The Grapevine (July 2008)

| Journal

Project Budburst

You may have read about Project Budburst in a recent Wild Ones Journal. It’s a nationwide volunteer effort to observe buds, leaves and blossoms on trees as part of tracking climatic variation over time. Herbaceous and non-native plants are also targets. You can learn more, and sign up at windows.ucar.edu/citizen_ science/budburst/.

“As a point of observation,” writes somebody on one of my lists, “all the black locust around here (Ann Arbor area) would have come from the Southeast, Amelanchier canadensis will have come from points farther east, (our native trees would be A. arborea, A. laevis, or A. interior), and nursery-grown red maples may have originated anywhere from Florida to Maine. Planted tulip poplars could have come from anywhere within their range as well, although we do have native ones in moist woods. There’s likely to be variation in those plants based on where the parent is from.

“Where they are planted is also something to make note of. The plants along streets and sidewalks are likely to have a warmer micro-environment than those in surrounding woods or depressions where cold air settles. This might create local variations in leafing out/flowering by two weeks or more.”

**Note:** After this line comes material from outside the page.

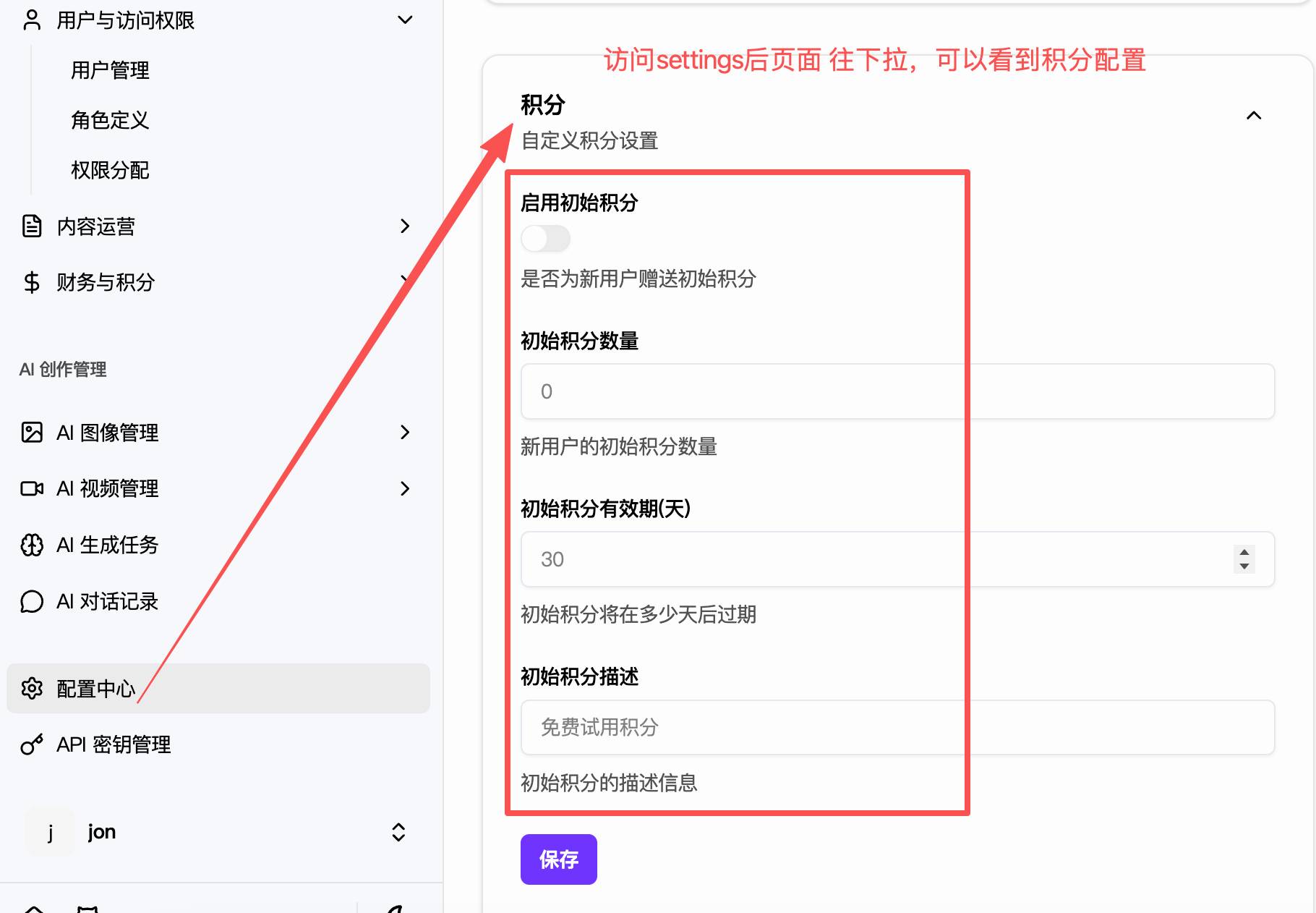 新用户注册赠送积分是需要在admin/settings/general路由下配置的,下面以中文版截图示例:

What an interesting point. I suppose that as these data are collected across the continent and over the long-term, the geographic provenance and growing conditions of individuals may not matter as much as the overall trends, and variations from some baseline. And perhaps the designers of this study have already accounted for that in the data that they receive.

Perhaps the greatest value will be in getting people to pay attention to the phenology of local species and how climate change may be affecting these plants.

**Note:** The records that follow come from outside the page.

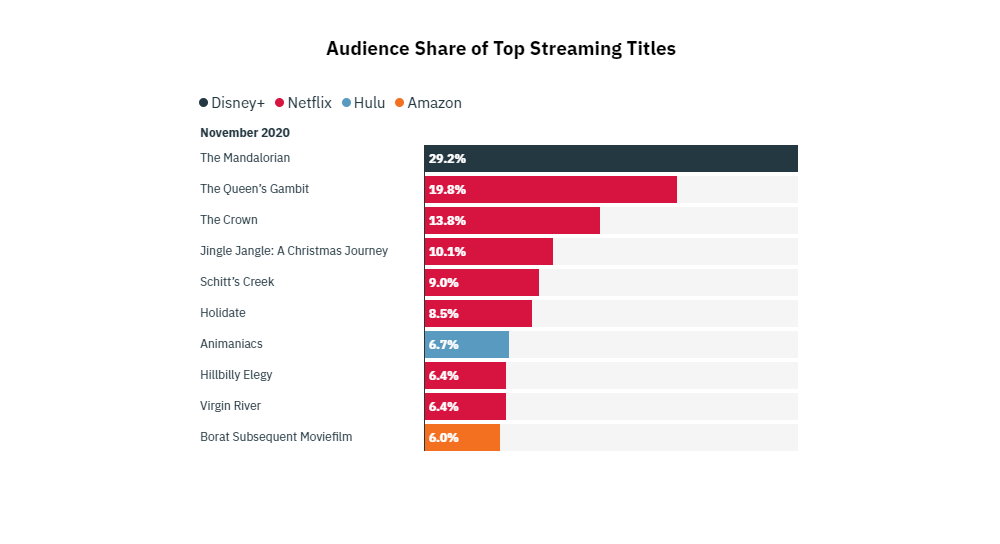 It might be on one of the smaller streamers, but The Mandalorian proved to be a titan of television as it topped the streaming charts and gave Disney Plus its second biggest audience share of the year after Hamilton in July. The Lin-Manuel Miranda musical grabbed 37% back in July, while the November episodes of The Mandalorian nabbed 29.2% delivering a rare 7Park Data cross-platform audience share ranking win for Disney Plus.
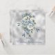 Une invitation de mariage anniversaire florale bleu poussiéreux sur fond argenté.
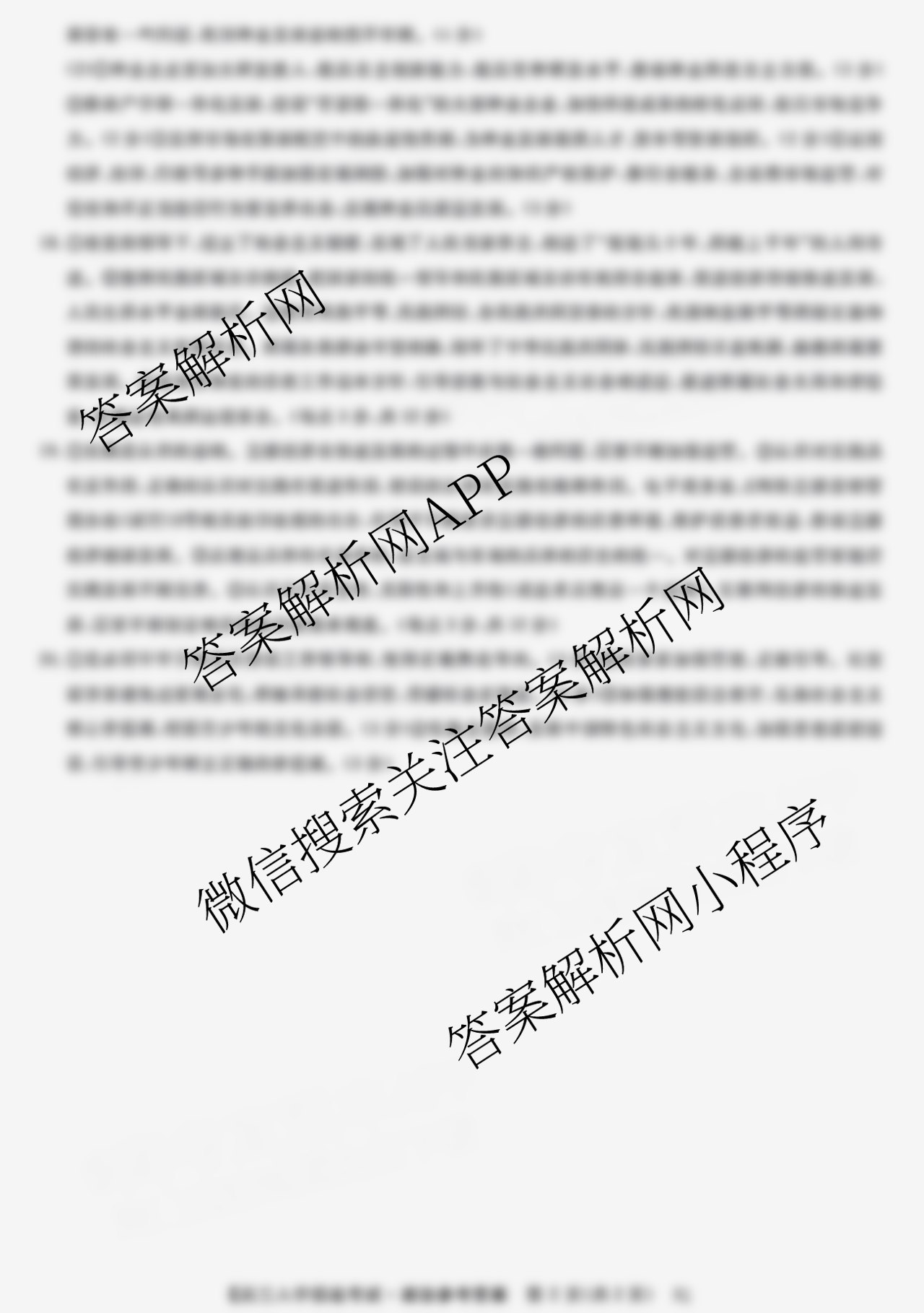 - 2022届高三[天壹名校联盟]·入学摸底考试 X HN政治答案

The same correspondent went on to suggest that it might be interesting to create a display planting of red maples, selecting plants at a variety of points along its range, from north to south and east to west, to showcase the genetic memory related to the geographic location of the parent plants. If you’ll check Peterson’s Field Guide of Eastern Trees, you’ll note that the range of the red maple extends along the 48th parallel from the southern tip of Newfoundland, west to Minnesota, and south to the tip of Florida.